— Спокуха, — Вася треснул его по плечу так, что это было слышно. — Тут… эта… наше море. Вон, скоро Терру-2 пройдём. Нет тут никаких ррит. И вообще они нас боятся. Мы круты, как скалистые гор-ры… Мы крепки, как чистейший, б****, спирт…
Они спели песню. Жуткими голосищами. Потом разговор мало-помалу перешёл на войну, с войны на политику, парни начали ругаться, Эндрис — утихомиривать парней, а дядя Гена — учить жизни. Стало шумно, но шум был безопасный. Я пожала плечами и пошла дочитывать очередной детектив.

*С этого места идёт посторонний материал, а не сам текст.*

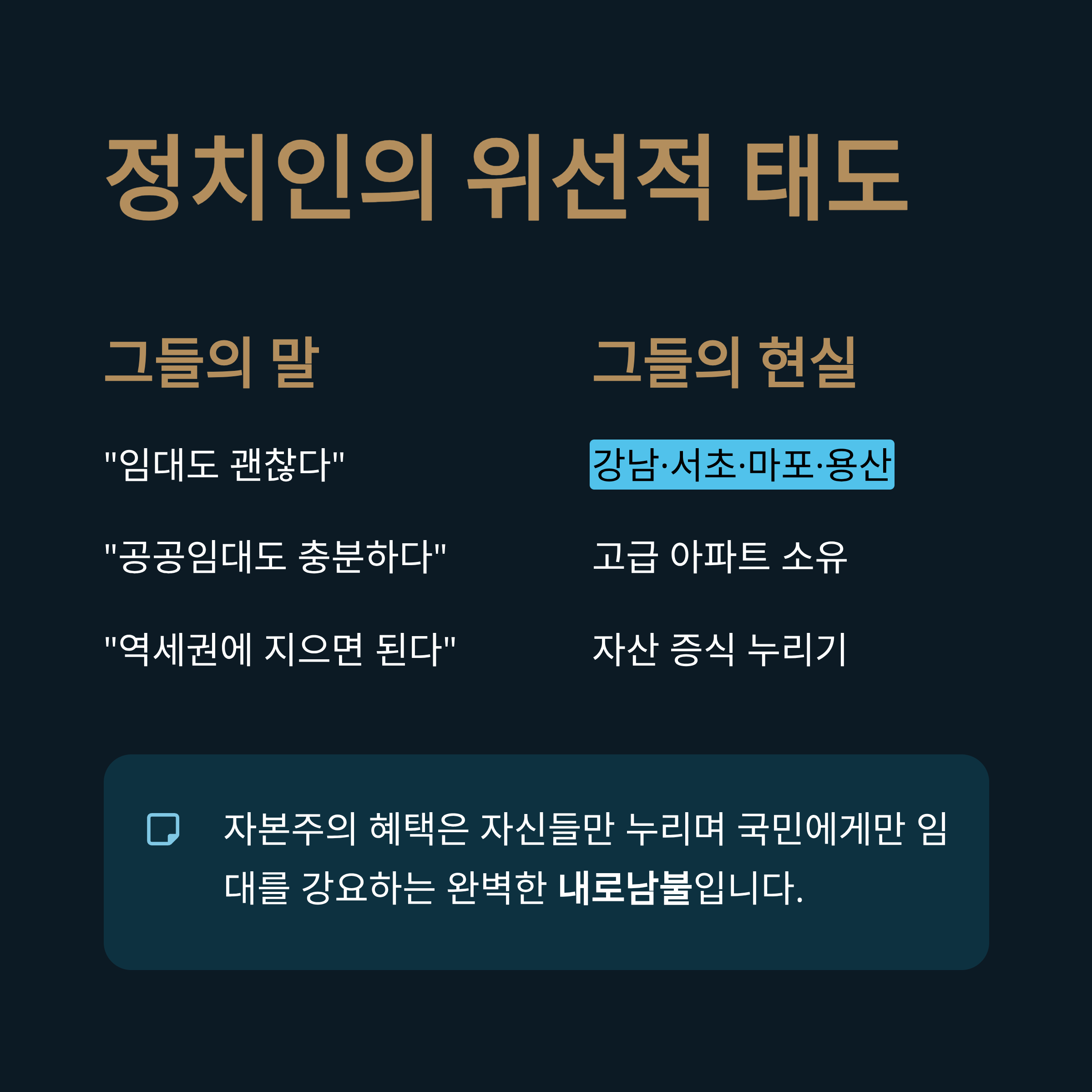 자본주의와 자유시장 경제의 모든 혜택을 누리며 자산을 증식하는 그들이, 유독 국민에게만 그 길을 가지 말고 임대에 머물라고 말하는 것은 완벽한 '내로남불'입니다.

А песня смешная, хоть и непригодная для изысканного общества. Мы с девчонками её тоже пели под гитару пару раз. На вечеринках в Джеймсоне. Элен собирала коллекцию песен времён войны. Смешные, любовные, горькие. Нукту Элен звали Скай. Их обоих убили на Терре-без-номера, во время подавления беспорядков. Давно. А вспомнила я про них, только когда услышала матерную песню, а не когда прилетела на Землю-2. Вот так.
Я и не помню их почти. Осталось в памяти лишь, как Элен сидит и терзает гитару. «Говорят, что ррит ведут крейсера, и что прочей х**ни до ** твою мать…» Душещипательная песня и убийственно нецензурная, но она пела её совершенно серьёзно, негромко, задумчиво перебирая струны, вместе того, чтобы бить по ним, как обычно делают. И получалось — правильно. Потому что о том, как ррит ведут крейсера к Древней Земле, иными словами не скажешь.

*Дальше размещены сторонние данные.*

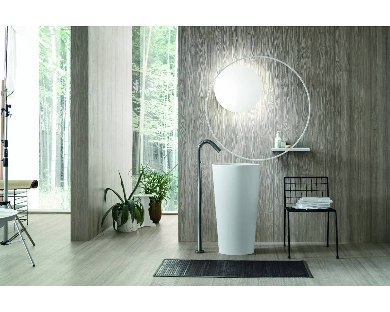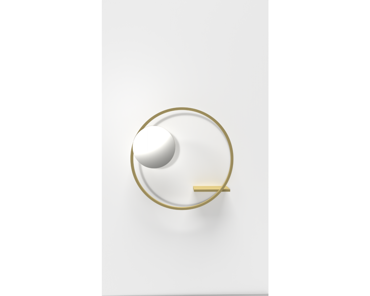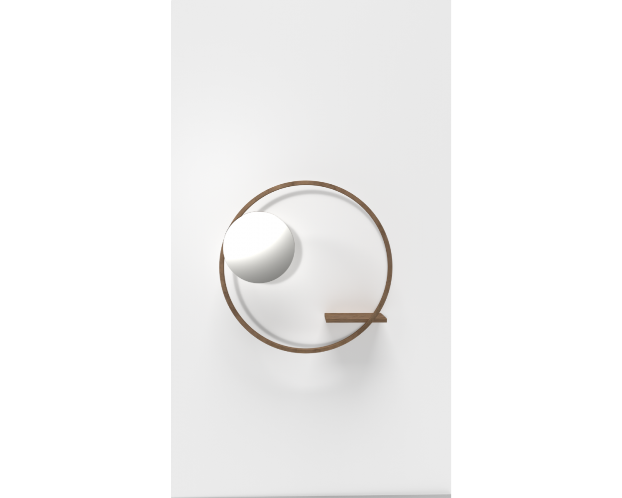 Rozměry: Prsten: ø 110 cm. Polička: 39,5 x 19,5 cm. Š: 21,5 cm. Velikost zrcadla: ø 50 cm

Детство. Сквозь всё, что хранится в памяти, проступает одно, неистребимое: подводит живот.
Голод.
Еды мало, плохой, и той не всегда. Но взрослые словно не понимают этого. Ты состоишь из костей и мышц, воинский наставник безжалостно гоняет вас, свору мальчишек, которая мало-помалу становится отрядом; ты — маленькая молния, до безумия гордая своими метательными ножами на поясе и медными кольцами в ушах. Взрослые женщины смотрят на тебя и улыбаются.
Они редко улыбаются. Взгляды их тяжелы, редкий мужчина осмелится посмотреть им в глаза.
Ты помнишь, как твой наставник спорит с Цмайши, главой женщин. Долго. Она уже рычит на него, но он по-прежнему стоит на своём, и тогда она бросает с сердцем:
— Ты можешь сколько угодно печься о своей чести. Но сначала убей детей, которые хотят есть!
Наставник, ничего не сказав, поворачивается и уходит.
Вечером будет пир. Много еды, неописуемо вкусной, настоящее мясо, а не гадкие заменители, от которых болит живот, и нет силы в мышцах. Это враг может есть траву, зёрна и испражнения животных, а люди питаются мясом. Ты даже не замечаешь, что взрослые почти не едят сами, кормят вас.
А наставник сидит в стороне, молча, чёрный от мрака в душе, и Цмайши хлопочет над его свежими ранами.
Ты прихватываешь со стола кусок и подходишь. Детской наивности хватает, чтобы спросить сочувственно:
— Почему ты хмурый, наставник? Ты проиграл сражение?
Наставник медленно переводит на тебя глаза. Узнаёт не сразу.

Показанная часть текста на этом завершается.